(DATA FOR THIS TASK Opens)

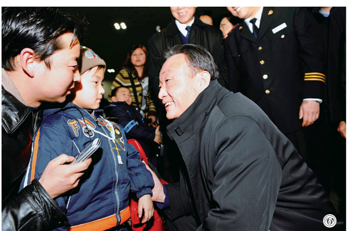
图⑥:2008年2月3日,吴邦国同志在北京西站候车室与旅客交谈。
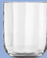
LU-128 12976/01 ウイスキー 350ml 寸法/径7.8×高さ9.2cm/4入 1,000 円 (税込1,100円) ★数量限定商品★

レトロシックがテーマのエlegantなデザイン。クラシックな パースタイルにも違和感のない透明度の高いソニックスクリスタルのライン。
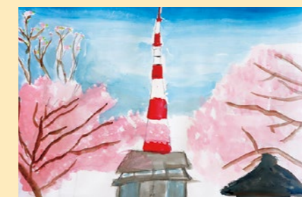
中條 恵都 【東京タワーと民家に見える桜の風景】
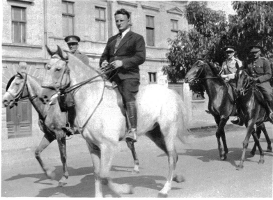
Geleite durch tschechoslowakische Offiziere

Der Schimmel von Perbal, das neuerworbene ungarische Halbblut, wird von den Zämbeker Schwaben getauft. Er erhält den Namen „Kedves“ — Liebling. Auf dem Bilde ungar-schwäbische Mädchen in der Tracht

(DATA FOR THIS TASK Closes)
(DATA FOR THIS TASK Opens)

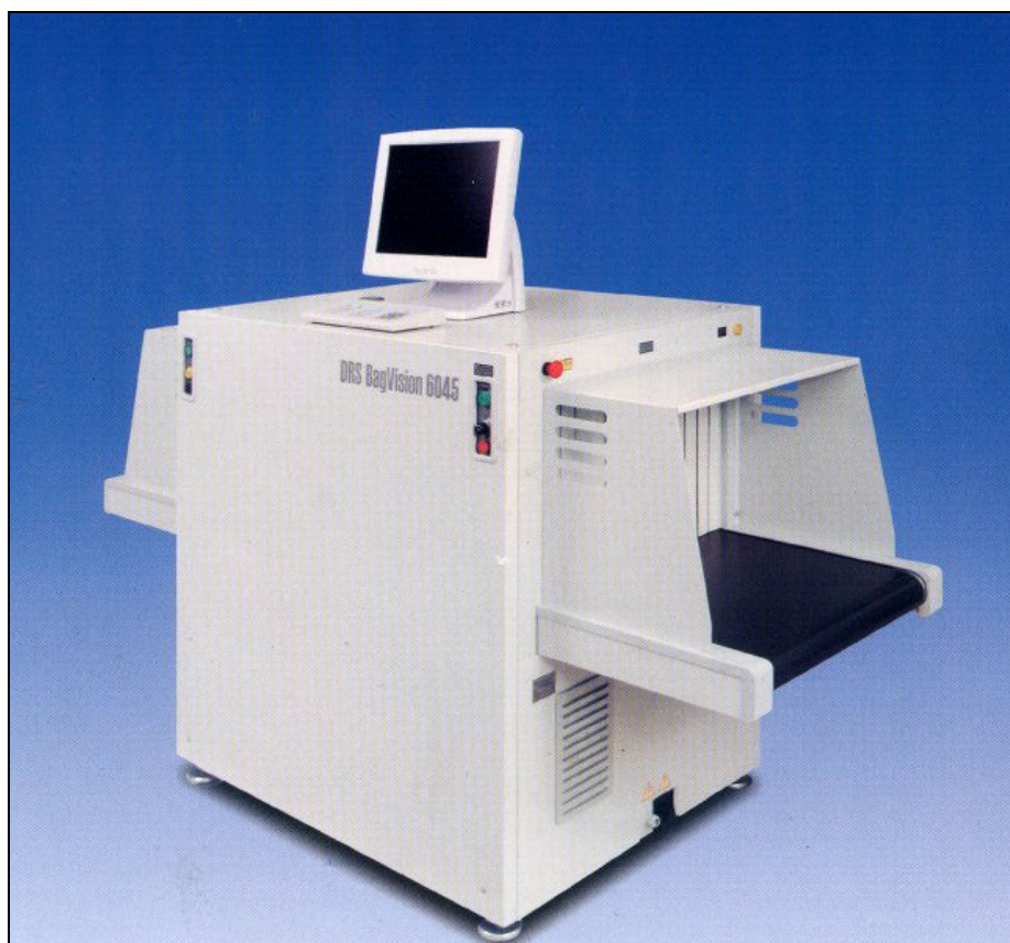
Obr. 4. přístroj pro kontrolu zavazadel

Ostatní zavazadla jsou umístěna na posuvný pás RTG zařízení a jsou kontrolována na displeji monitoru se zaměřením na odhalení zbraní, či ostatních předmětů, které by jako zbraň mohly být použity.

(DATA FOR THIS TASK Closes)

### [EXERCISE]
Repeat exactly the lines above, beginning at the one containing "LU-128 12976/01 ウイスキー" and ending at the one containing "Der Schimmel von". Do not carry over any pictures.

### [SOLVED EXERCISE]
LU-128 12976/01 ウイスキー 350ml 寸法/径7.8×高さ9.2cm/4入 1,000 円 (税込1,100円) ★数量限定商品★

レトロシックがテーマのエlegantなデザイン。クラシックな パースタイルにも違和感のない透明度の高いソニックスクリスタルのライン。
中條 恵都 【東京タワーと民家に見える桜の風景】
Geleite durch tschechoslowakische Offiziere

Der Schimmel von Perbal, das neuerworbene ungarische Halbblut, wird von den Zämbeker Schwaben getauft. Er erhält den Namen „Kedves“ — Liebling. Auf dem Bilde ungar-schwäbische Mädchen in der Tracht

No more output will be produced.